O sismo de magnitude 7,1 que atingiu o México, na terça-feira, provocou 273 mortos, anunciou esta quinta-feira o Ministério do Interior, referindo que o número de desaparecidos supera a centena e que existem mais de dois mil feridos.

No mais recente balanço das vítimas mortais, o ministério detalhou que dos 273 mortos, 137 ocorreram na Cidade do México, 73 em Morelos, 43 em Puebla, 13 no Estado do México, seis em Guerrero e um em Oaxaca.

“O número de vitimas está a mudar constantemente, à medida que os trabalhos de resgate e remoção de detritos continuam a decorrer. A maquinaria é apenas usada na limpeza e não em estruturas colapsadas”, refere em comunicado.

O secretário da Administração mexicano, Miguel Osorio Chong, disse que as operações de busca “não vão parar até se conseguir a localização e o resgate” dos desaparecidos, que “muito possivelmente estão entre os escombros” dos muitos edifícios que colapsaram devido ao sismo.

O governante mexicano referiu que os desaparecidos são “pouco mais de uma centena”.

A Marinha mexicana desmentiu, entretanto, a presença de uma menina com vida sob os escombros de uma escola na Cidade do México, depois de as operações para a resgatar terem emocionado o país e o mundo.
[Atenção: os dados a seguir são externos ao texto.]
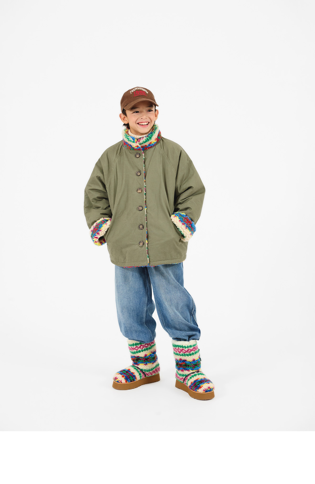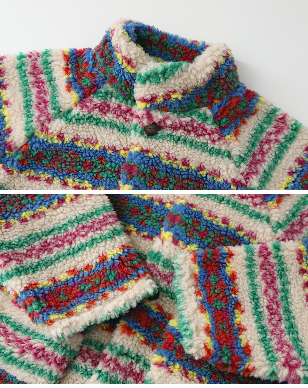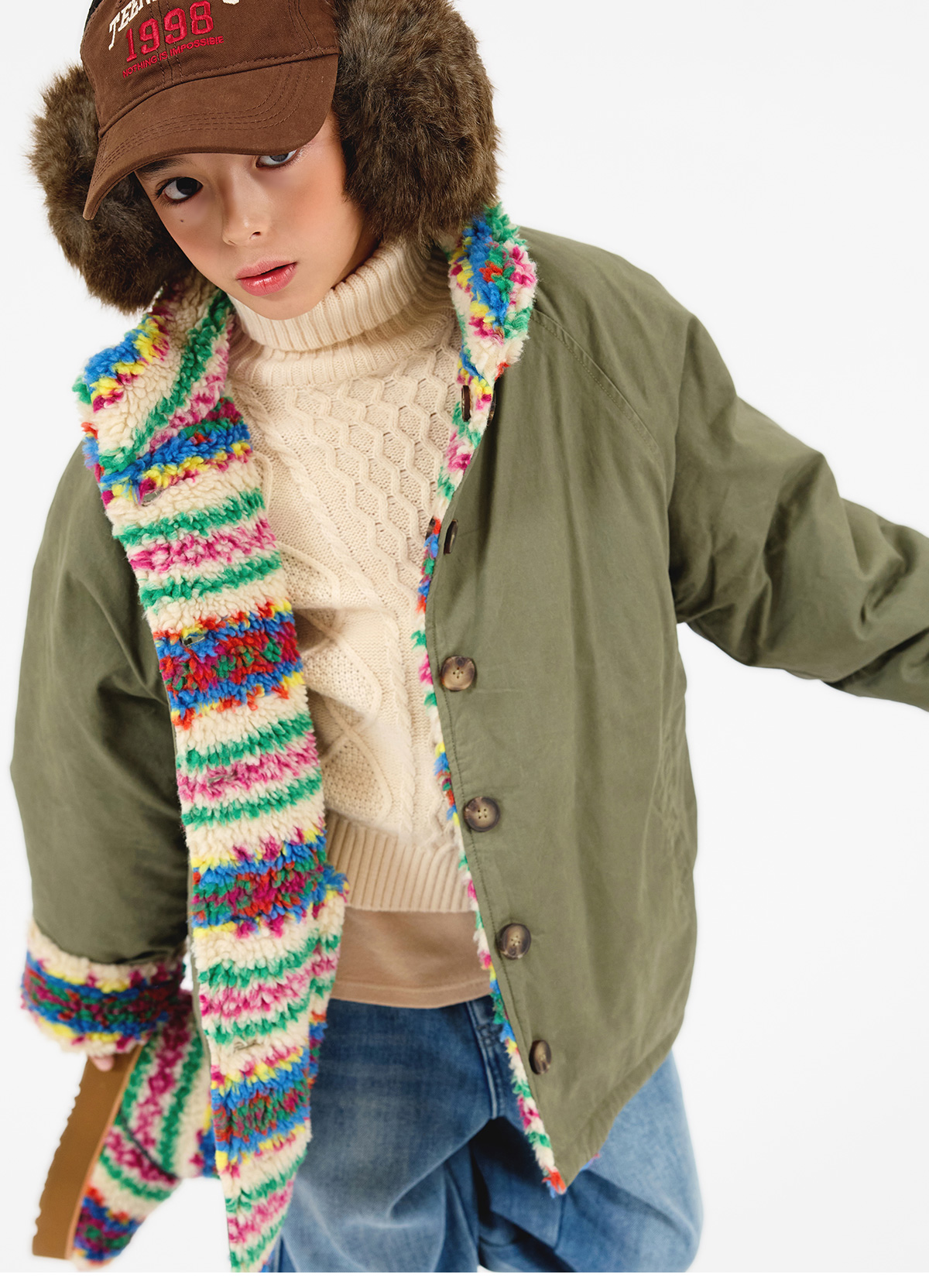 톡톡 튀는 색감이 매력적인 리버시블 뽀글이 아우터예요.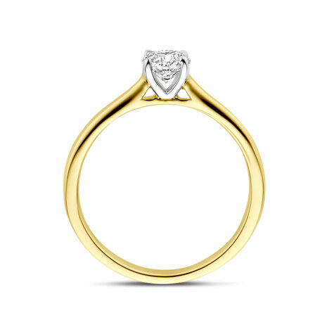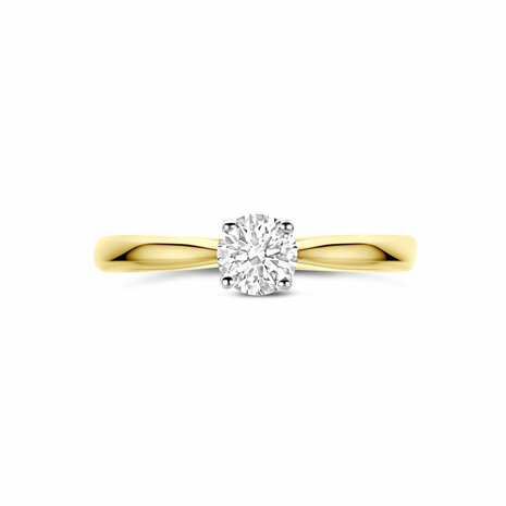 14k Bicolor geel- en witgouden ring uitgevoerd met een lab grown diamant met een totaalgewicht van 0.50ct. Lab grown diamanten zijn diamanten die ontstaan in een laboratorium. Onder extreem hoge druk en temperatuur wordt het natuurlijk ontstaansproces nagebootst met als eindresultaat een diamant met dezelfde chemische eigenschappen maar met een andere oorsprong.

O epicentro do sismo, de magnitude 7,1 na escala de Richter, que ocorreu na terça-feira às 13:14 (19:14 em Lisboa), foi registado na fronteira do Estado de Puebla e Morelos (centro), a 51 quilómetros de profundidade, segundo o centro geológico norte-americano (USGS).

O terramoto ocorreu depois de, no passado dia 07, um sismo de magnitude 8,2 – o mais forte desde 1932 -, ter causado 98 mortos no sul do país.

O abalo de terça-feira, que causou o pânico na população, coincidiu com o 32.º aniversário do forte sismo que provocou milhares de mortos em 1985 e foi registado apenas duas horas depois de um simulacro de terramoto em todo o país.